A dominantly inherited genetic condition that results in markedly elevated LDL (low-density lipoprotein) cholesterol levels beginning at birth, and cause heart attacks at an early age.
Alternative NamesType II hyperlipoproteinemia; Hypercholesterolemic xanthomatosis; Low density lipoprotein receptor mutation
Affected people have consistently high levels of low-density lipoprotein (LDL or "bad" cholesterol), which leads to premature atherosclerosis of the coronary arteries. Typically in affected men, heart attacks occur in their 40s to 50s, and 85% of men with this disorder have experienced a heart attack by age 60. The incidence of heart attacks in women with this disorder is also increased, but happens 10 years later than in men.
Individuals from families with a strong history of early heart attacks should be evaluated with a lipid screen. Proper diet, exercise, and the use of newer drugs can bring lipids (fats in the blood) down to safer levels.
The mutation that causes this genetic abnormality occurs on chromosome 19. It is possible for a person to inherit copies of the mutated gene for this disorder (one from each parent, making them genetically "homozygous").
In homozygous individuals the condition is more severe, and cholesterol values may exceed 600 mg/dL. These individuals develop waxy plaques (xanthomas) beneath the skin over their elbows, knees, buttocks. These are deposits of cholesterol in the skin. In addition, they develop deposits in tendons and around the cornea of the eye. Atherosclerosis begins before puberty and heart attacks and death may occur before age 30, or they may require highly invasive surgery such as a liver transplant.
Those who have inherited only one copy of the mutated gene (from one parent) are called heterozygous. These individuals may respond well to diet modifications combined with statin drugs.
- A strong family history of familial hypercholesterolemia or early heart attack
- Elevated and therapy-resistant levels of LDL in either or both parents
- Xanthomas (lesions caused by cholesterol rich lipoprotein deposits)
- Cholesterol deposits in the eyelids (xanthelasmas)
- Chest pain (angina) associated with coronary artery disease
- Evidence of obesity
Exams and Tests
A physical examination may reveal xanthomas, xanthelasmas and cholesterol-laden deposits called a corneal arcus.
Laboratory testing may show:
- Elevated triglycerides
- Protein electrophoresis may show abnormal results
- Total plasma cholesterol that is greater than 300 mg/dL (adult)
- Total plasma cholesterol that is greater than 250 mg/dL (children)
- Serum LDL that is higher than 200
- Studies of heart function, such as a stress test, may be abnormal
- Special studies of patient cells (fibroblasts) may show decreased uptake of LDL cholesterol
- Genetic testing for mutations in the LDL receptor gene
The goal of treatment is to reduce the risk of atherosclerotic heart disease and heart attack.
The first step is to change what you eat. This is tried for several months before drug therapy is added. Diet changes include reducing total fat intake to less than 30% of the total calories consumed.
Saturated fat intake is reduced by decreasing the amounts of beef, pork, and lamb; substituting low-fat dairy products; and eliminating coconut and palm oil. Cholesterol intake is reduced by eliminating egg yolks, organ meats, and sources of animal-derived saturated fat.
Further reductions in the percentage of fat in the diet may be recommended after the initial trial period. Dietary counseling is often recommended to assist people with these adjustments to their eating habits.
Exercise, especially to induce weight loss, may also aid in lowering cholesterol levels.

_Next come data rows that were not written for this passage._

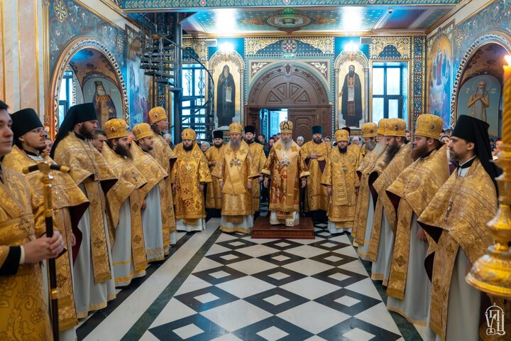 Богослужение Предстоятеля состоялось в храме в честь преподобного Агапита Печерского. Его Блаженству сослужили управляющий делами УПЦ митрополит Бориспольский и Броварской Антоний, Архиепископ Ирпенский Лавр, Архиепископ Бородянский Марк, братия Киево-Печерской лавры и духовенство.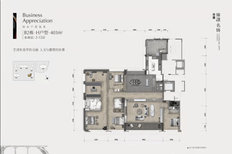 合景臻溋·名铸位于天河金融城,项目占地约 3.1 万平,总建面约 9.9 万平。由 4 栋住宅(24 层高)和 3 栋商业楼(B1、B2 栋 13 层高且首层架空,B3 栋 28 层高)以及 1 处文化室(1 层)构成,是难得的南向望江豪宅。这里不仅有图书馆、现代艺术馆、艺术画廊等广州首创的艺术配套,还有装修富丽堂皇的私人影院,尽显尊贵。
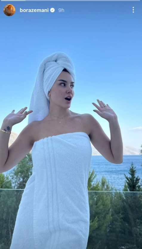 E mbështjellë me një peshqir të bardhë dhe me një pamje natyrale nga bregdeti, Bora ka marrë vëmendjen e mijëra ndjekësve të saj.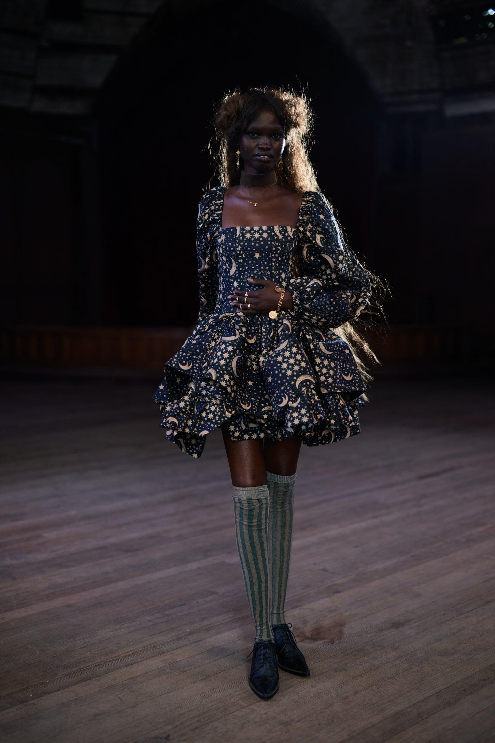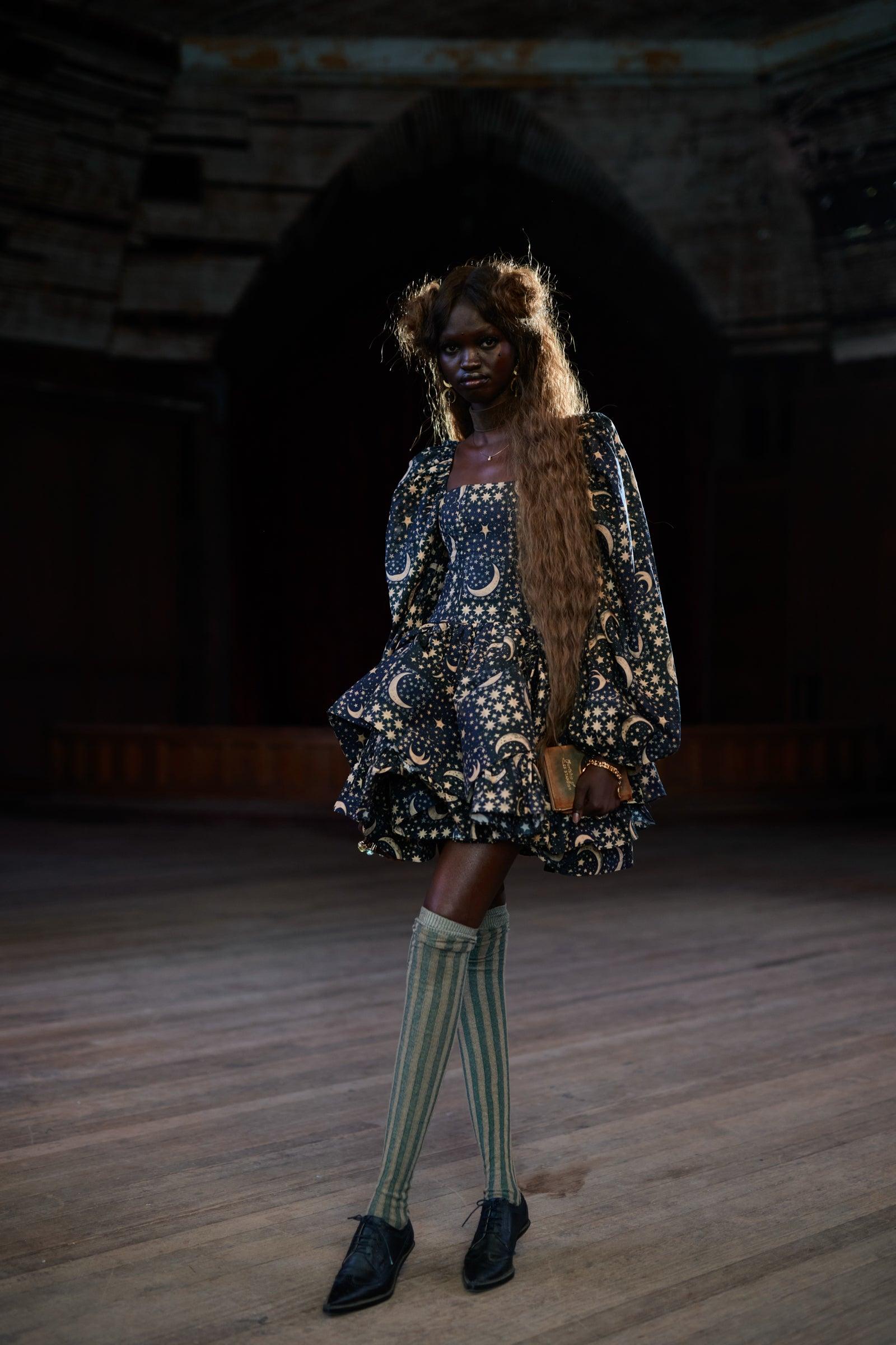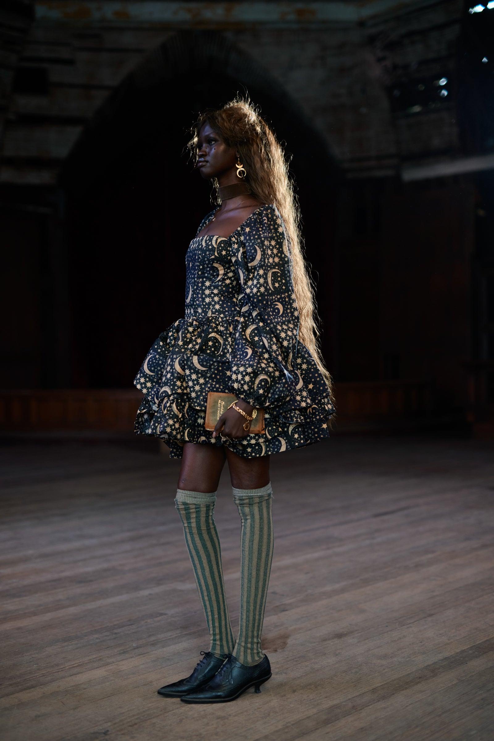 In a hue as deep black as the night sky over an Edwardian observatory, this cotton dress brings celestial charm to any occasion. The boned and drop-waist silhouette recalls the elegance of pioneering female astronomers, while long puff sleeves add a touch of drama. Two layers of tiered pleats cascade like the milky way, with faux horsehair at the hem for a touch of structure. Bustle the top layer with ease using the adjustable drawstrings - ideal for transitioning from an afternoon lecture on planetary movements to an evening of stargazing through the grand telescope. Paper cotton drop-waist mini dress Long elastic puff sleeves Boning at waist Two layers of tiered pleated skirt and faux horsehair at hem for structure Top skirt layer bustles with adjustable drawstrings Center back invisible zipper closure Fully lined To ensure the best fit, measure your across bust and high waist before ordering and steam for optimal beauty. Diana is 5’11” and wearing a size XXS in Selkie. Her measurements are 31” bust, 22” waist, 34” hip. Fabric: 100% Paper Cotton Lining: 100% Cotton
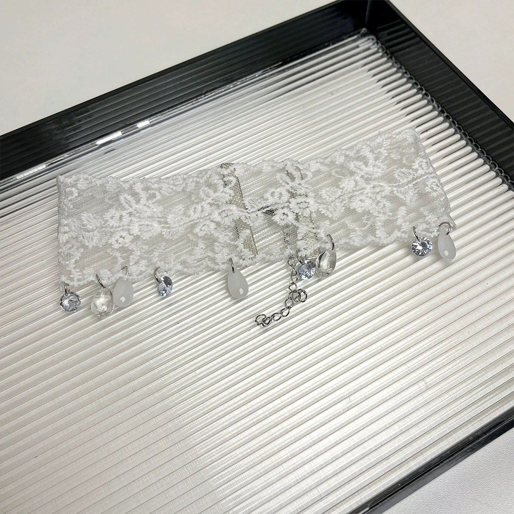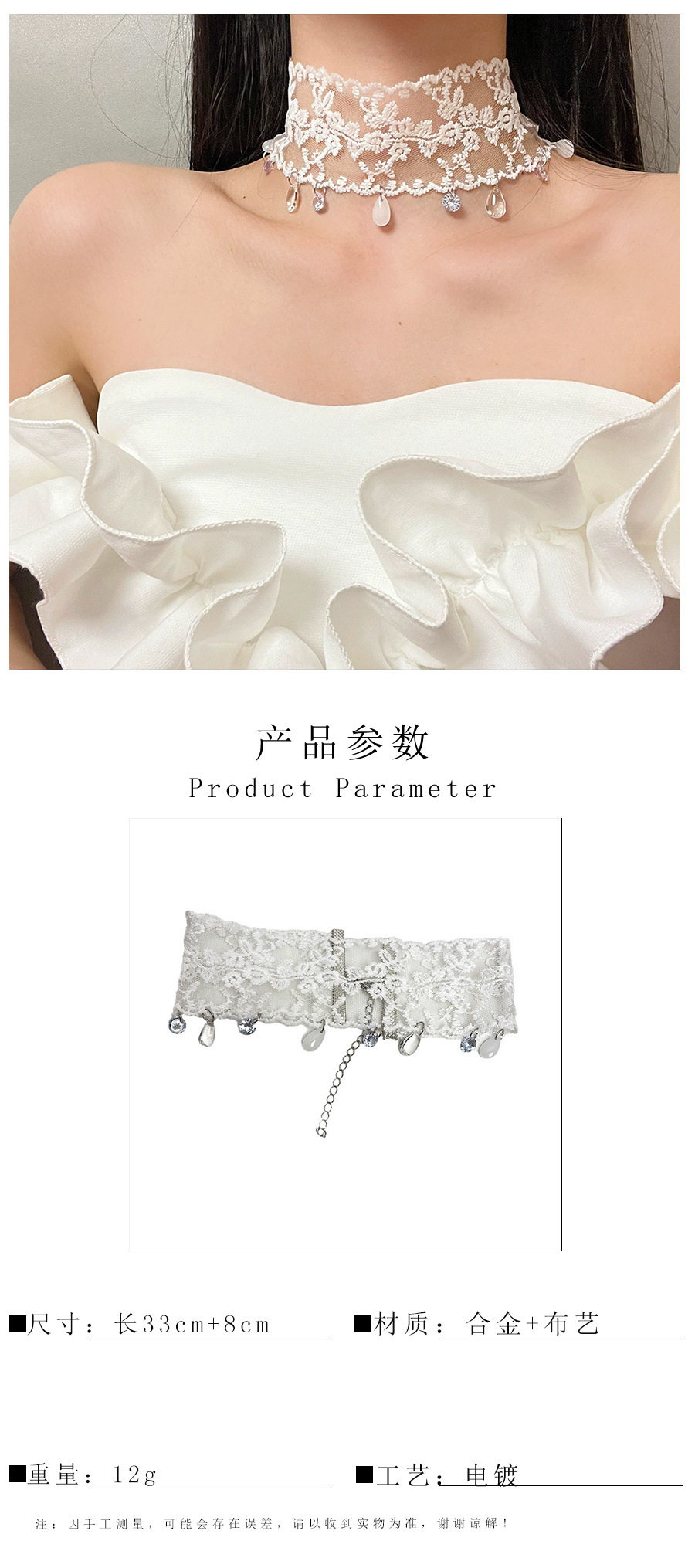 Sweet White Lace Wide Neck Strap Neck Chain Water Drop Tassel Simple Elegant All-match Collar Necklace Women's Necklace Accessories

Drug therapy may be initiated if diet, exercise, and weight-loss efforts have not reduced the cholesterol levels after an adequate trial period. Various cholesterol-reducing agents are available including:
- Bile acid sequestrant resins (cholestyramine and colestipol)
- Nicotinic acid (niacin)
- Statin drugs
MEDPED (Make Early Diagnosis to Prevent Early Death)
University of Utah
The outcome is likely to be poor in people with the homozygote type of familial hypercholesterolemia because it causes early heart attacks and is resistant to treatment.
The outcome of other types of familial hypercholesterolemia depends in part on the patient's compliance with treatment, but reduction in serum cholesterol levels can be achieved and may be significant in delaying a heart attack.
- Heart attack at an early age
- Cholesterol-rich deposits in skin, eyelids
When to Contact a Medical Professional
- Call your health care provider or go to the emergency room if you have crushing chest pain or other warning signs of heart attacks.
- Call for an appointment with your health care provider if you or family members are found to have elevated total cholesterol levels.
Families with a history of familial hypercholesterolemia may benefit from counseling, especially if both parents are affected. Prevention of early heart attacks requires recognition of existing elevated LDL levels, and a low-cholesterol, low-saturated fat, high-unsaturated fat diet in high-risk people may help to control LDL levels.